Y es que la tradición literaria latinoamericana, vista desde este lado del Atlántico, causa admiración y, en ocasiones, perplejidad. Los últimos cuarenta o cincuenta años han sido ejemplo de una creación trascendente porque, pasado el tiempo, dejará memoria de una generación y de una época que no tardará en calificarse de siglo de oro literario. Esa generación, dispar y multigenérica pero en general brillante, no ha trabajado en balde ni sólo como excepción: en América, aún hoy, se está escribiendo mucho y bien, incluso cuando los maestros acabaron su labor por imperativo de la biología o por envejecimiento o cansancio. Se escribe bien porque se vive entre ideas y sorpresas, algo que se empieza a echar de menos en la vieja Europa.
No llegamos a saber muy bien por qué sucede así. En estos días de preeminencia de lo audiovisual, cuando pareciera que todo lo que no entrase por ojos y oídos no puede ser viable culturalmente, de pronto nos encontramos con que nos sorprende una literatura finlandesa, o australiana, o surafricana, o rumana. Las buenas letras surgen de donde menos se espera. En cambio, de América Latina siempre la esperamos; y casi nunca nos defrauda. A mis alumnos de taller literario les hago ver cómo están escribiendo los jóvenes del Perú, de Uruguay o de México para que observen la riqueza del lenguaje, la seriedad formal, la capacidad de reflexión, incluso sobre lo nimio. Y, sobre todo, la imaginación, el inmenso caudal de ideas que fluye con la exhuberancia de los territorios de selva. Porque el lenguaje en España se está perdiendo (un reciente estudio de la Universidad Complutense entre alumnos de dieciocho a veintidós años concluye que la media de uso de voces de estos jóvenes es de ochocientas palabras, más un número corto y variable de términos dependiendo de la disciplina que estudian; ello en un universo de más de medio millón de voces, como tiene el idioma español). Y si ello es así con el lenguaje, con la imaginación aún es más desolador el panorama.

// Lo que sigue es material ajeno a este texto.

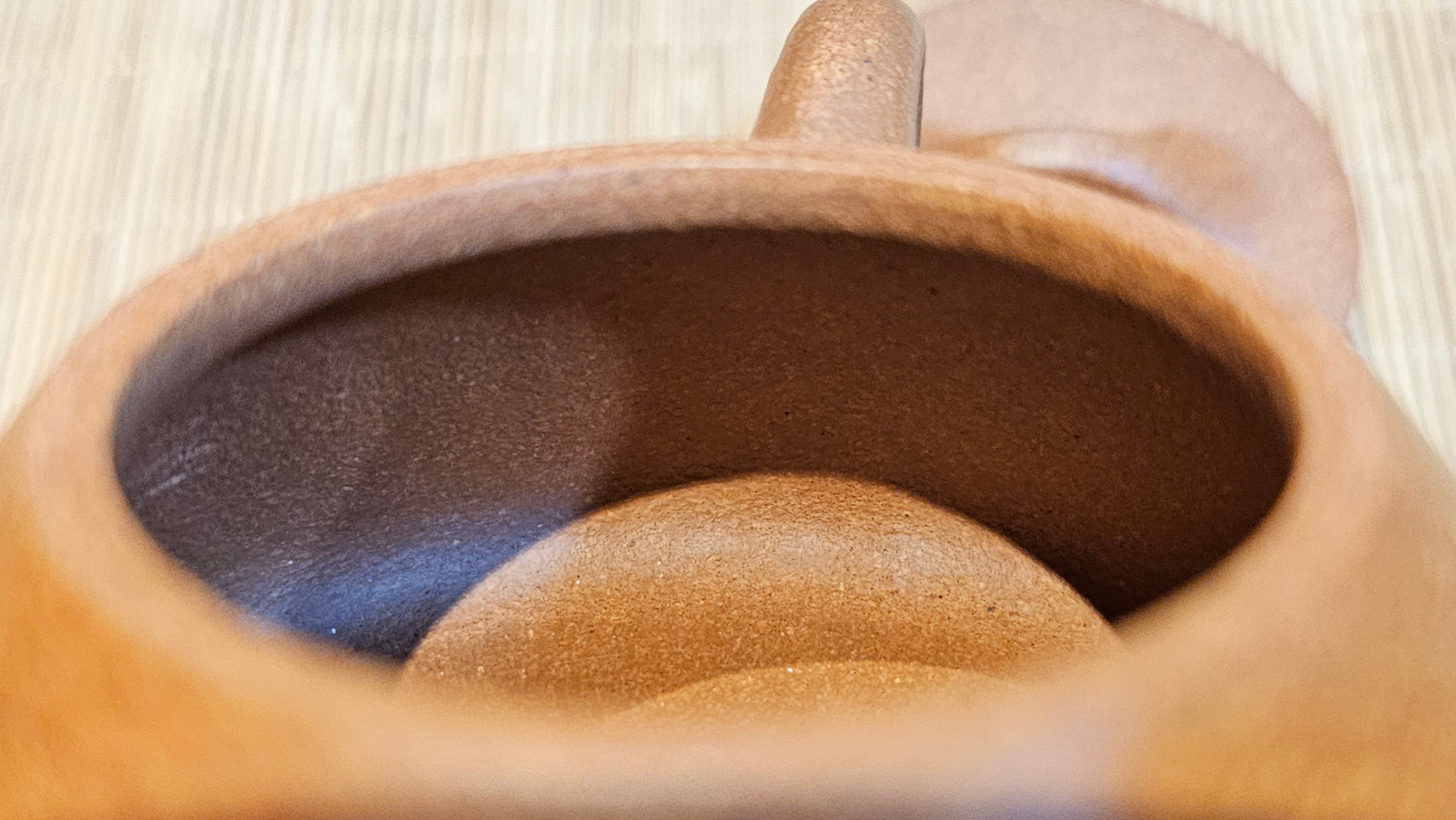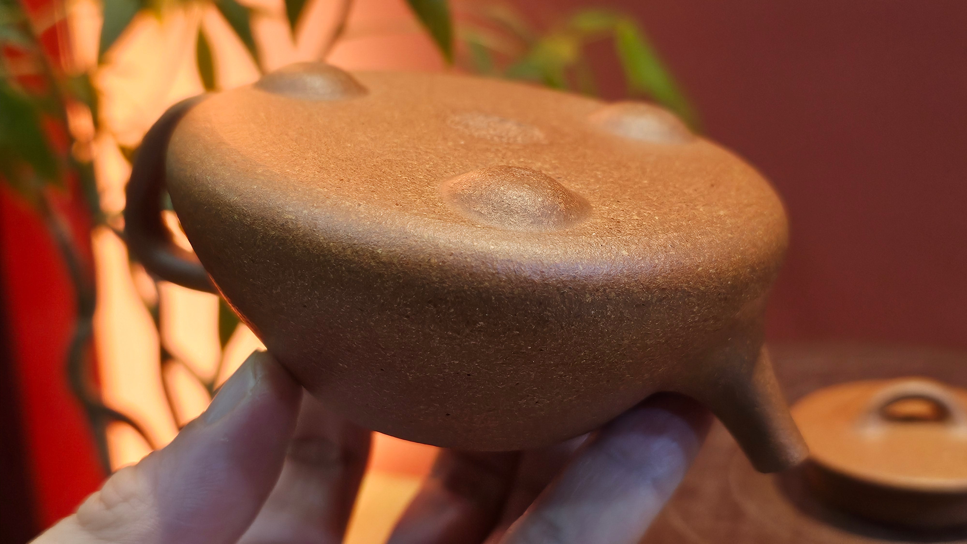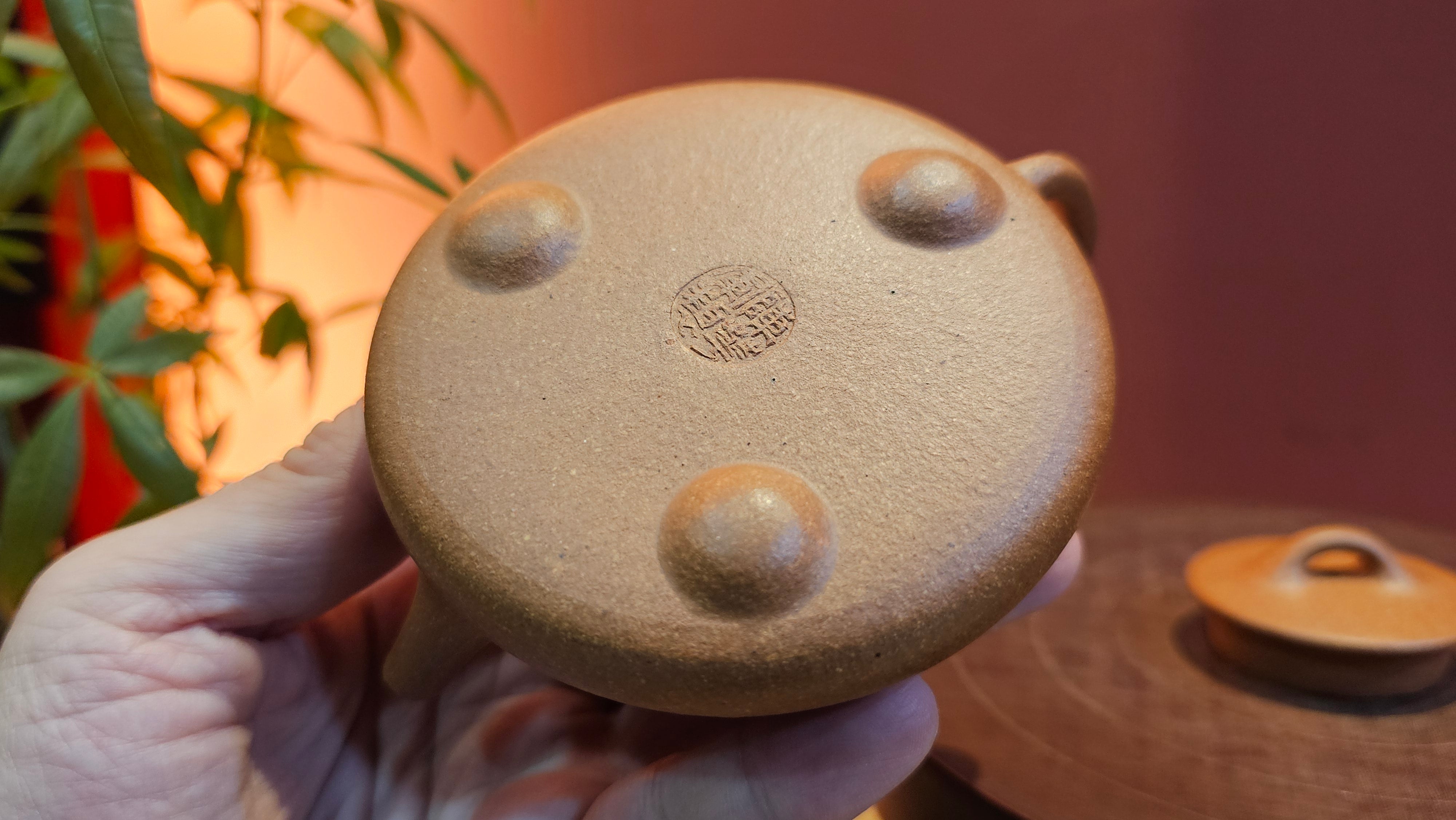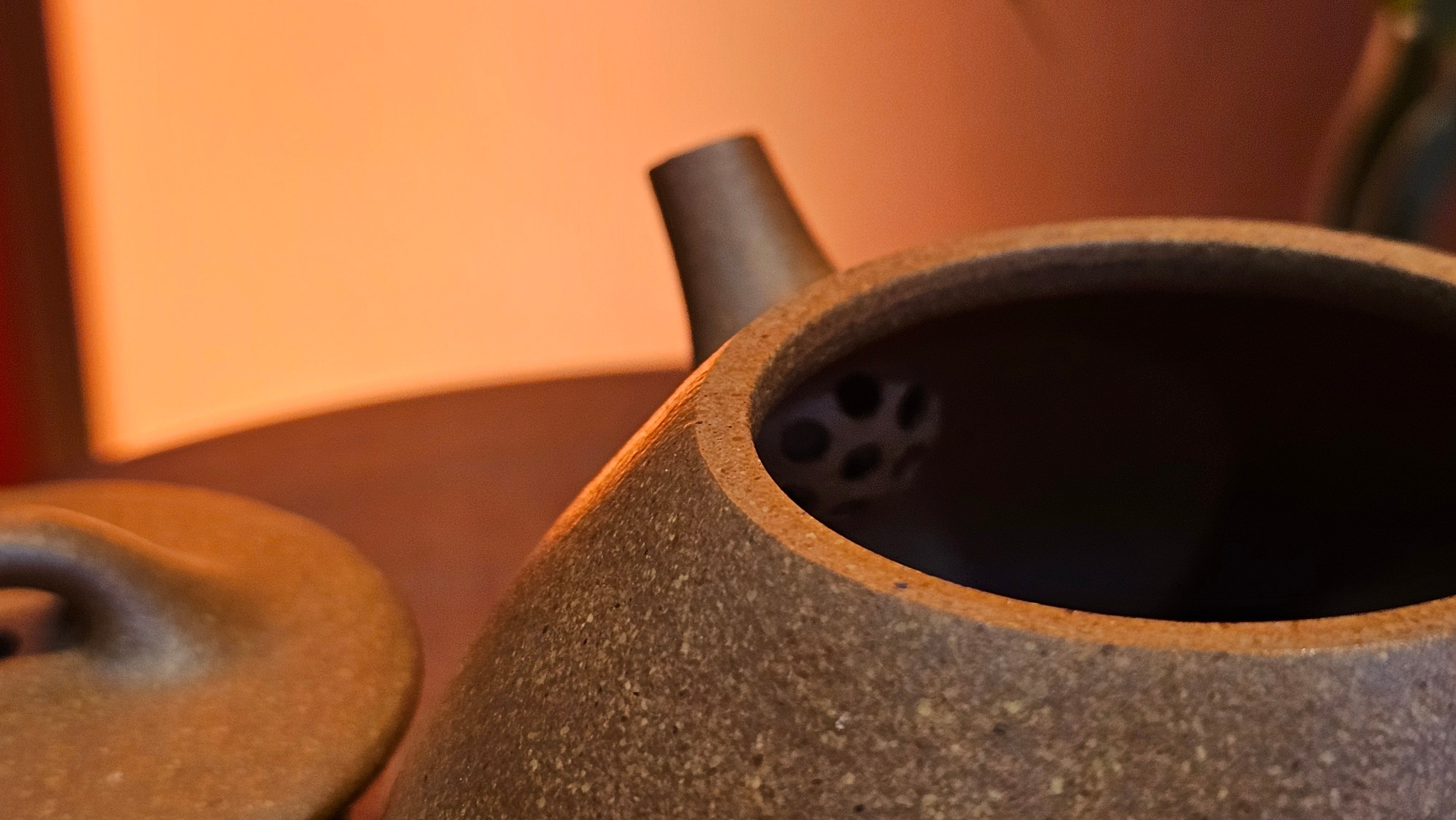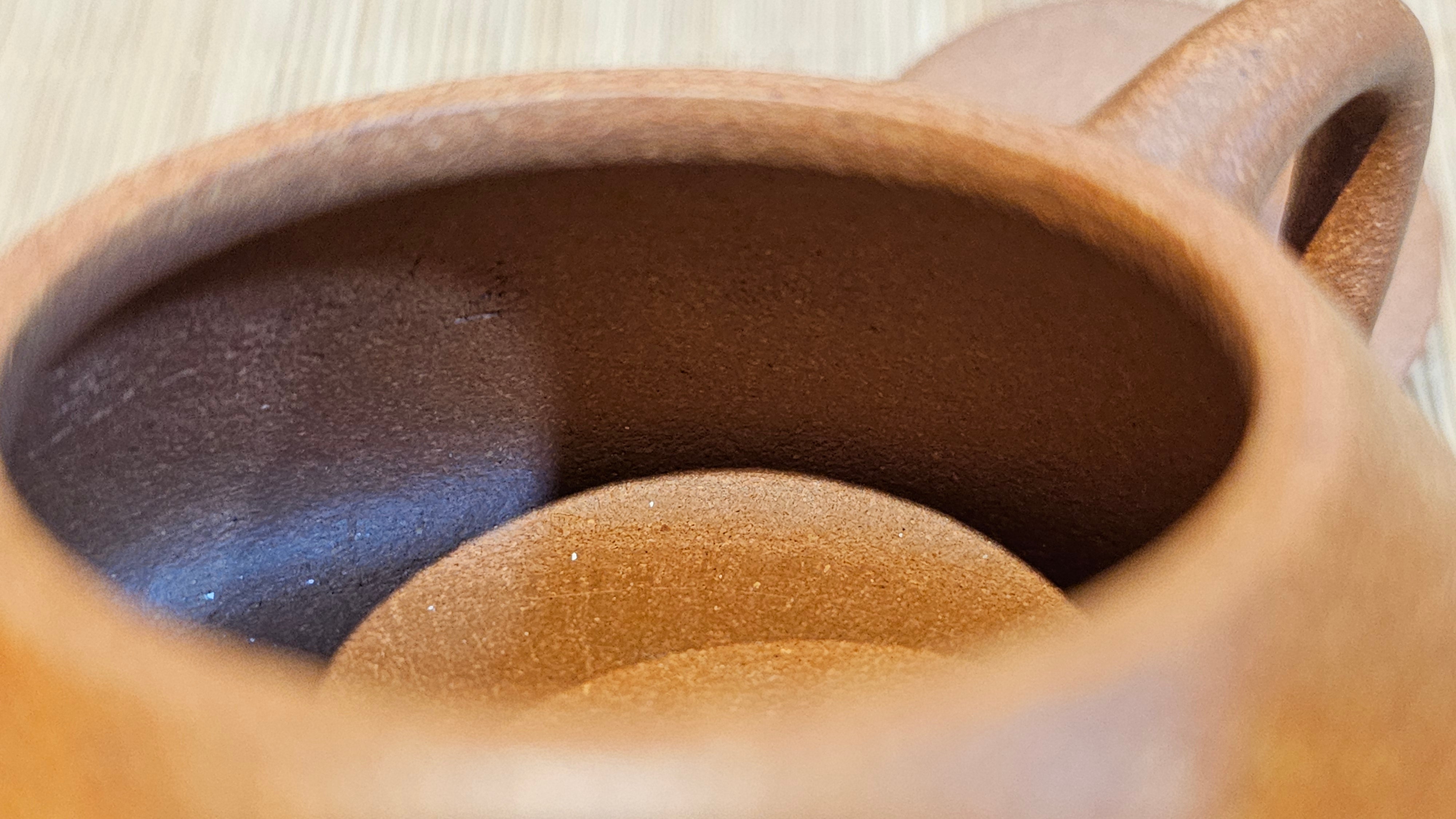 Craftsman Chen also conscientiously sculpted a 手推内球孔 Hand-Pushed Spherical Filter to increase the number of filter holes for a solid and fast pour of tea out, working with the largish diameter spout; and with better catching of tea leaves at the bottom fast while allowing tea to flow out from the upper holes.

Es por ello que aumenta la admiración que se siente por la riqueza de los escritores sudamericanos. Y Venezuela es, también, una gran selva de nuevas y buenas ideas, como puede fácilmente comprobarse en el caso del escritor Edgar Borges. En los relatos que siguen sorprenden las buenas ideas literarias que se acunan entre sus palabras, entre sus párrafos y también en sus espacios en blanco. Es como el cielo durante la noche, o las lagunas que salpican nuestra memoria: es mucho más lo que sugieren que lo que muestran.
Estas ideas fraguan unas veces; otras no. Pero todas insinúan una historia que invita a la reflexión. Y qué, si no, es a lo que puede aspirar la literatura.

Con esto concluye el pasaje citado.